Abstract
Brain computer interfaces (BCIs) are one of the developing technologies, serving as a communication interface for people with neuromuscular disorders. Electroencephalography (EEG) and gaze signals are among the commonly used inputs for the user intent classification problem arising in BCIs. Fusing different types of input modalities, i.e. EEG and gaze, is an obvious but effective solution for achieving high performance on this problem. Even though there are some simplistic approaches for fusing these two evidences, a more effective method is required for classification performances and speeds suitable for real-life scenarios. One of the main problems that is left unrecognized is highly noisy real-life data. In the context of the BCI framework utilized in this work, noisy data stem from user error in the form of tracking a nontarget stimuli, which in turn results in misleading EEG and gaze signals. We propose a method for fusing aforementioned evidences in a probabilistic manner that is highly robust against noisy data. We show the performance of the proposed method on real EEG and gaze data for different configurations of noise control variables. Compared to the regular fusion method, robust method achieves up to 15% higher classification accuracy.

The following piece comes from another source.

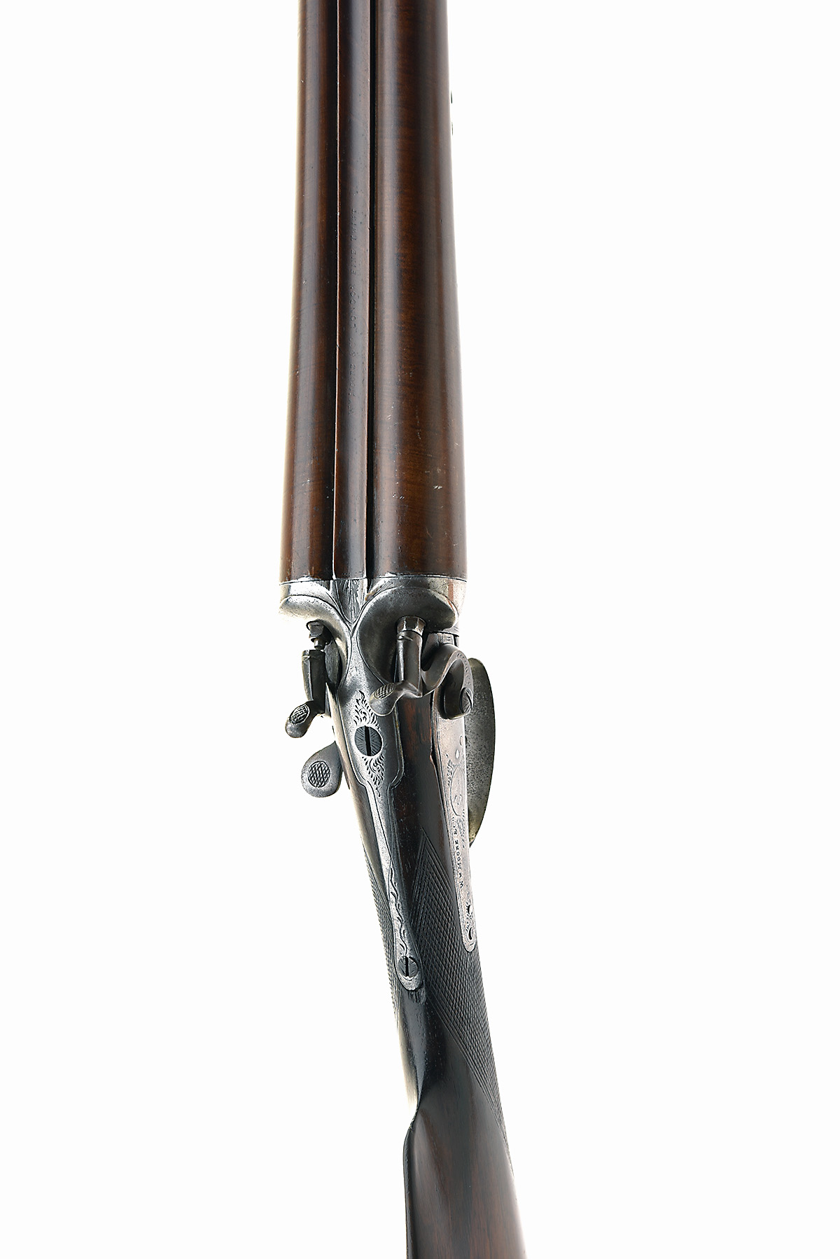 Wm. MOORE & CO. 10-BORE (89MM) SIDELEVER HAMMERGUN, serial no. no visible serial number, circa 1870, 31 3/8in. black powder only reproved twist damascus barrels (in 2025), the rib engraved 'Wm. MOORE & CO. LONDON. FINE TWIST.', 89mm chambers, bored approx. true cyl., sidelever opening, border, acanthus scroll and naive game-scene engraving, brushed bright and re-blued finish, 14 1/4in. stock including steel buttplate, fore-end with cross-pin release catch, weight 9lb. 12oz.

Keywords: Multimodal fusion, Brain computer interfaces, M-estimation, c-VEP, Eye-tracking, Bayesian fusion
I. Introduction
A significant number of people struggle with motor control and speech degradation [1]. As the recognition of needs of such people grow, researchers try to develop and improve alternative communication technologies. Brain computer interfaces (BCIs) are one of the emerging technologies providing a non-muscular communication channel for people with neuromuscular disorders, such as amyotrophic lateral sclerosis (ALS), brain-stem stroke and spinal cord injury [2], [3]. Generally, such BCI systems aim at enabling the user to choose an action from a set of options. For this purpose, electroencephalography (EEG) based BCIs have gained a higher degree of focus due to their noninvasive nature. A particular branch of EEG based BCI systems utilizes Steady State Visually Evoked Potentials (SSVEPs) [2], [4]. SSVEP is the brain response to flickering stimuli and mainly stems from the visual cortex [5]. Different stimuli result in different brain responses that are used to classify user intent. In code based VEP (c-VEP), which is a type of SSVEP, stimuli are chosen to be pseudo-random binary codes, i.e. control sequences [6]. M-sequences are one of the most used binary codes due to their favorable properties, such as low inter-sequence correlation and approximate orthogonality between shifted versions of a sequence [4].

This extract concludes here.